• ACTION ITEM
Omit all images, then repeat exactly the lines below from the one containing "A spiraling staircase" through the one containing "by šaty obepínaly", both ends included.
STORED DATA: Begin
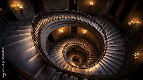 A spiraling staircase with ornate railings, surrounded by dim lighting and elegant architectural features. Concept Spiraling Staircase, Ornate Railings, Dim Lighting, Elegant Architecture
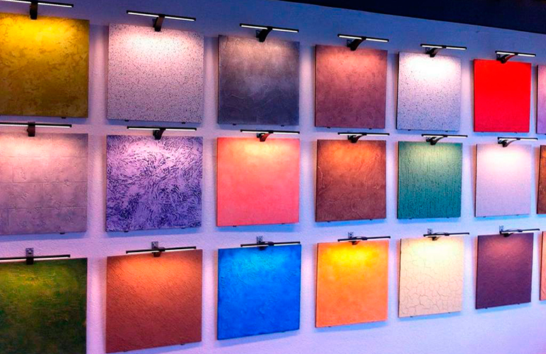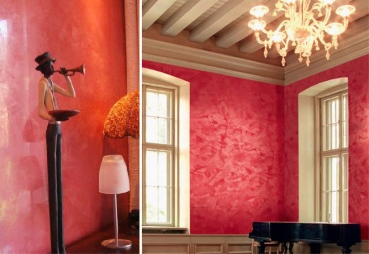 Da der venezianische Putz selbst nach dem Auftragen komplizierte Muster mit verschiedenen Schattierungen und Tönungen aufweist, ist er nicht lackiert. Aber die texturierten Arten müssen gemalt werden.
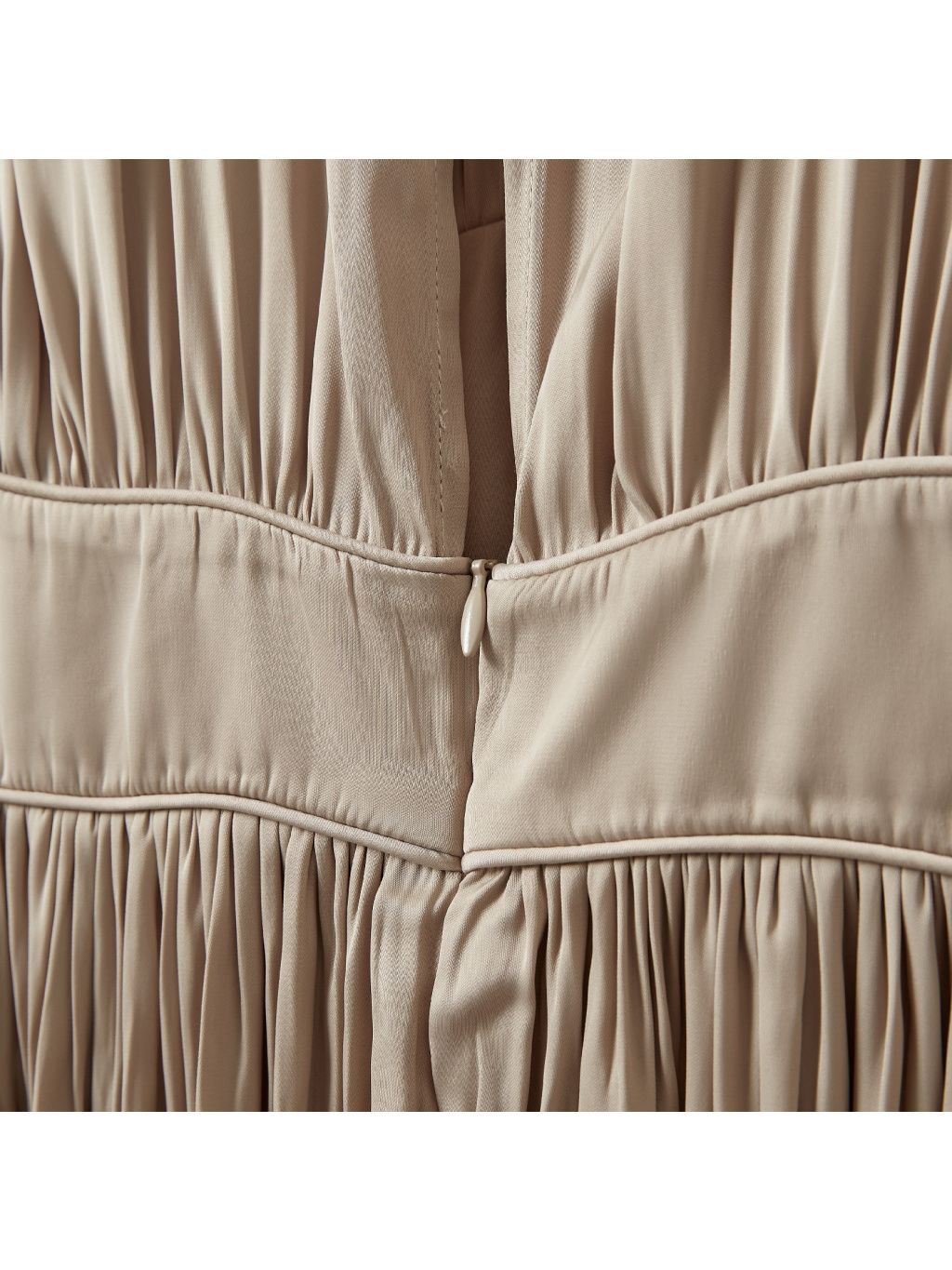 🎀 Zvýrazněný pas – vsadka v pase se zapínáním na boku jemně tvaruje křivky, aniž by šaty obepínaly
STORED DATA: End
STORED DATA: Begin
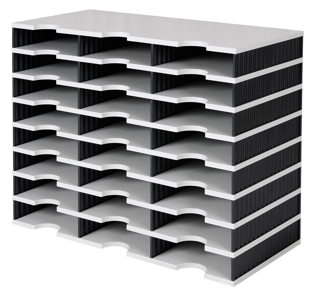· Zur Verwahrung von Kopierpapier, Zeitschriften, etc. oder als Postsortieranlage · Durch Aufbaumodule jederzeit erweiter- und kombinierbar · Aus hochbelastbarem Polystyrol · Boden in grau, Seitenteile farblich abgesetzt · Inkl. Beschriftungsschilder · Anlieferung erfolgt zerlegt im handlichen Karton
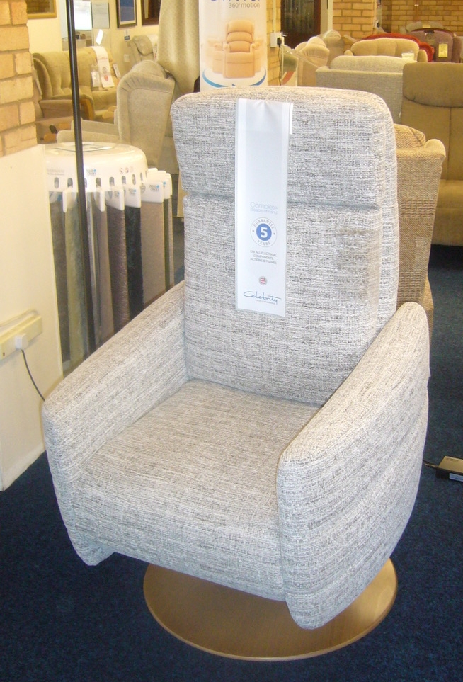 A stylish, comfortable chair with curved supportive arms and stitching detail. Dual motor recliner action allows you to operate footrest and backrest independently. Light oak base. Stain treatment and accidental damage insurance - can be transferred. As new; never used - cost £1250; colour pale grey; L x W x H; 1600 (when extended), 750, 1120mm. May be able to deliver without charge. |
STORED DATA: End
• RESULT OF THIS TASK
 A spiraling staircase with ornate railings, surrounded by dim lighting and elegant architectural features. Concept Spiraling Staircase, Ornate Railings, Dim Lighting, Elegant Architecture
 Da der venezianische Putz selbst nach dem Auftragen komplizierte Muster mit verschiedenen Schattierungen und Tönungen aufweist, ist er nicht lackiert. Aber die texturierten Arten müssen gemalt werden.
 🎀 Zvýrazněný pas – vsadka v pase se zapínáním na boku jemně tvaruje křivky, aniž by šaty obepínaly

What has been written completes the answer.